Given material:

++++++++++++++++++++

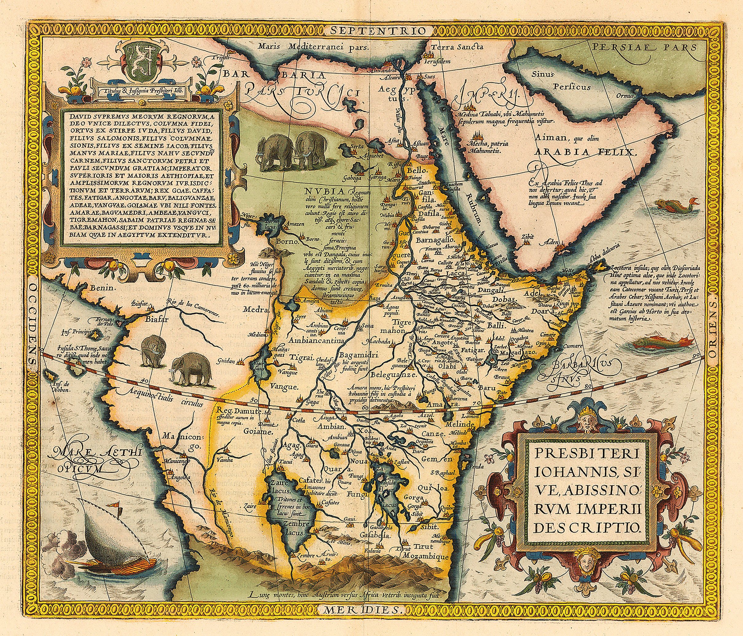 Map of Africa by Abraham Ortelius (1527-1598). Latin title in box: Presbiteri Johannis, sive, Abissinorum Imperii descriptio ("A Description of the Empire of Prester John, that is to say, of the Abysinians"). Copperplate map, with added colour, 35 x 42 cm. From Theatrum Orbis Terrarium... by Ortelius, Antwerp, [1] The attributed arms of Prester John (A lion rampant facing to the sinister holding in its paws a quasi-Tau cross of full height) are shown at top left abobe the caption: titulus & insignia Presbiteri Jo(hann)is (tinctures not reliable, added differently by later colourists).
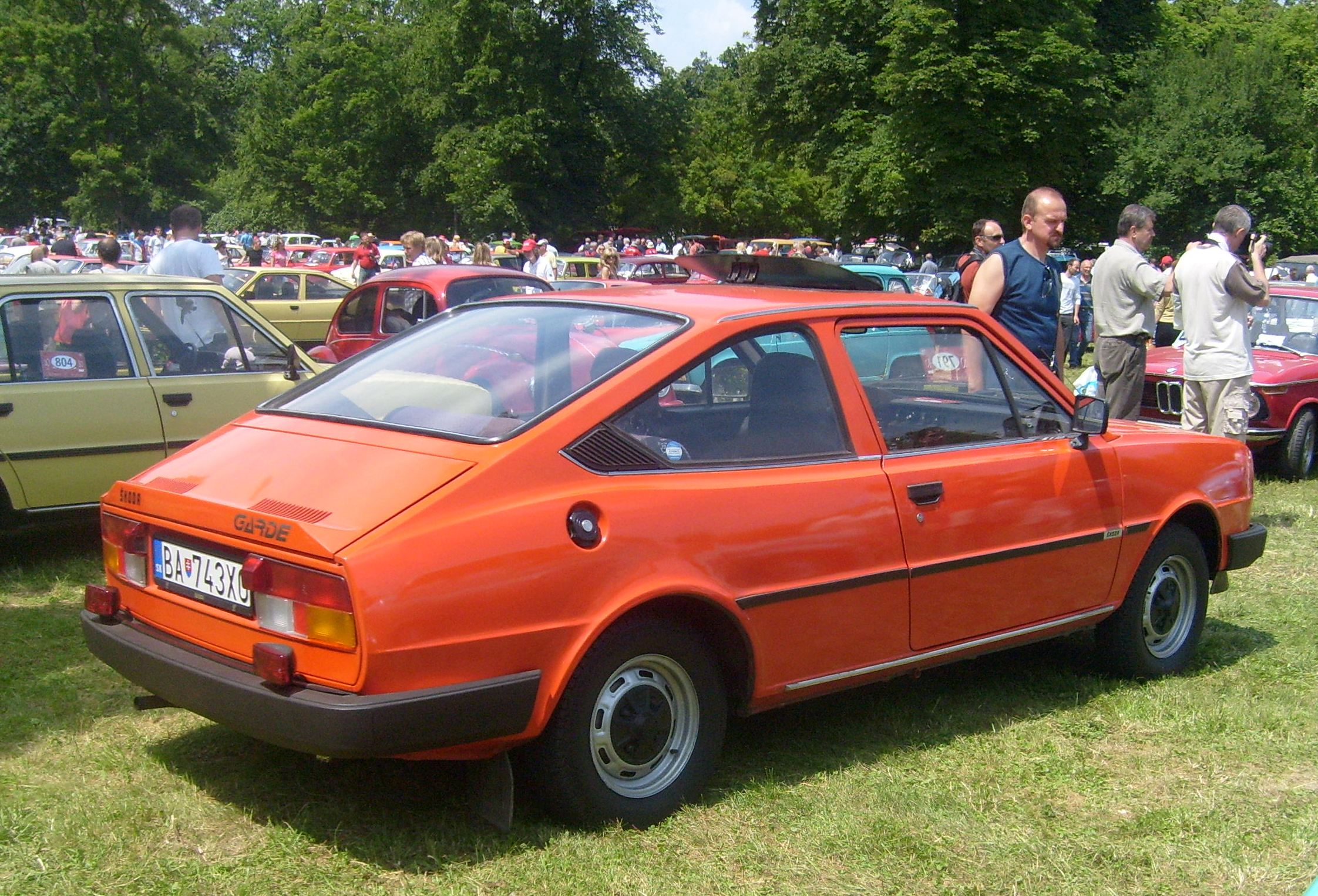 2+2 Coupé Skoda Garde (1982), 1174ccm, 42kW by 5200rpm, top speed 153 km/h
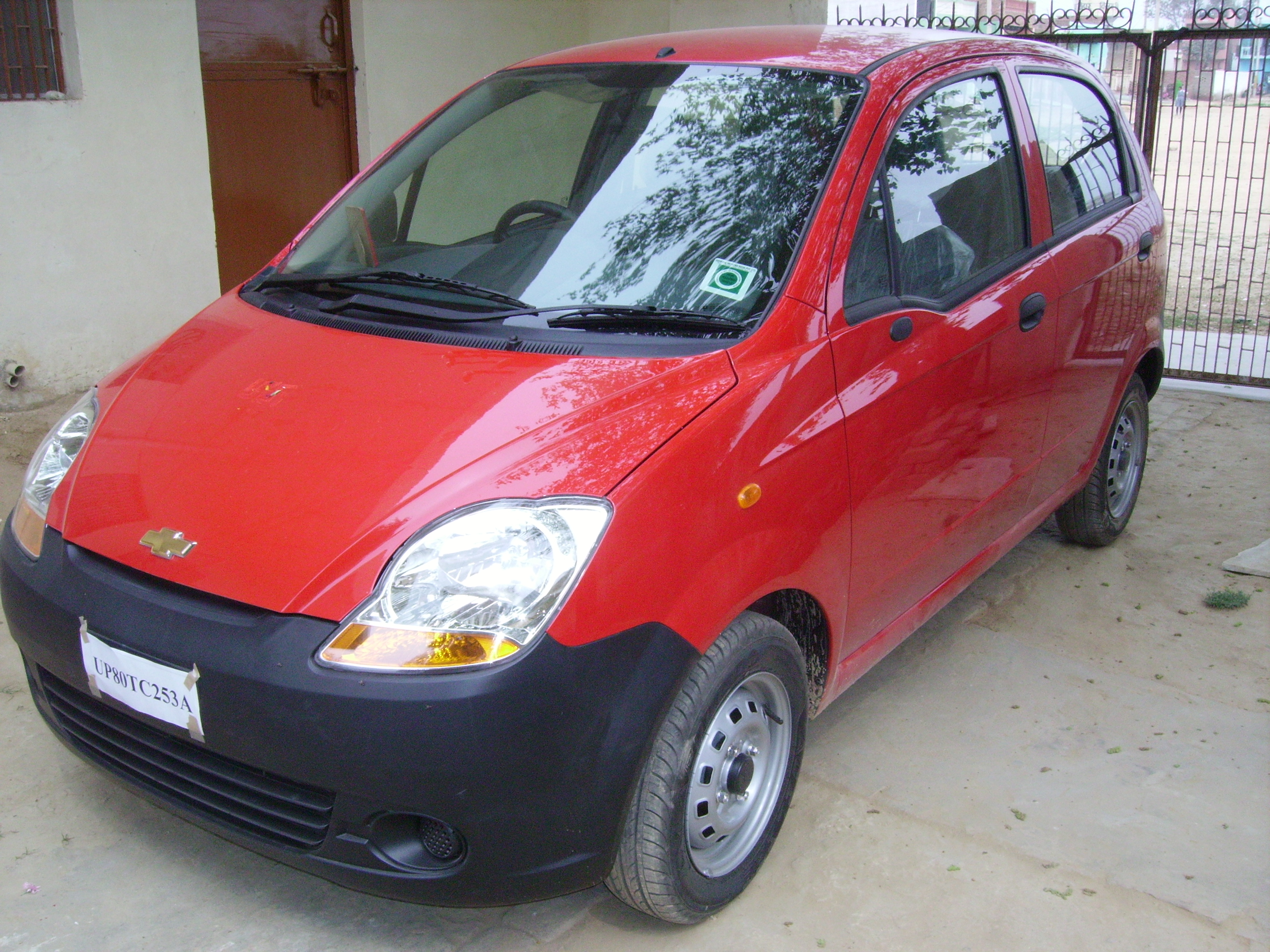 Chevrolet Spark - As sold in India

++++++++++++++++++++

Task to carry out:
Output all of the data above exactly; no pictures should appear.

Written response:
 Map of Africa by Abraham Ortelius (1527-1598). Latin title in box: Presbiteri Johannis, sive, Abissinorum Imperii descriptio ("A Description of the Empire of Prester John, that is to say, of the Abysinians"). Copperplate map, with added colour, 35 x 42 cm. From Theatrum Orbis Terrarium... by Ortelius, Antwerp, [1] The attributed arms of Prester John (A lion rampant facing to the sinister holding in its paws a quasi-Tau cross of full height) are shown at top left abobe the caption: titulus & insignia Presbiteri Jo(hann)is (tinctures not reliable, added differently by later colourists).
 2+2 Coupé Skoda Garde (1982), 1174ccm, 42kW by 5200rpm, top speed 153 km/h
 Chevrolet Spark - As sold in India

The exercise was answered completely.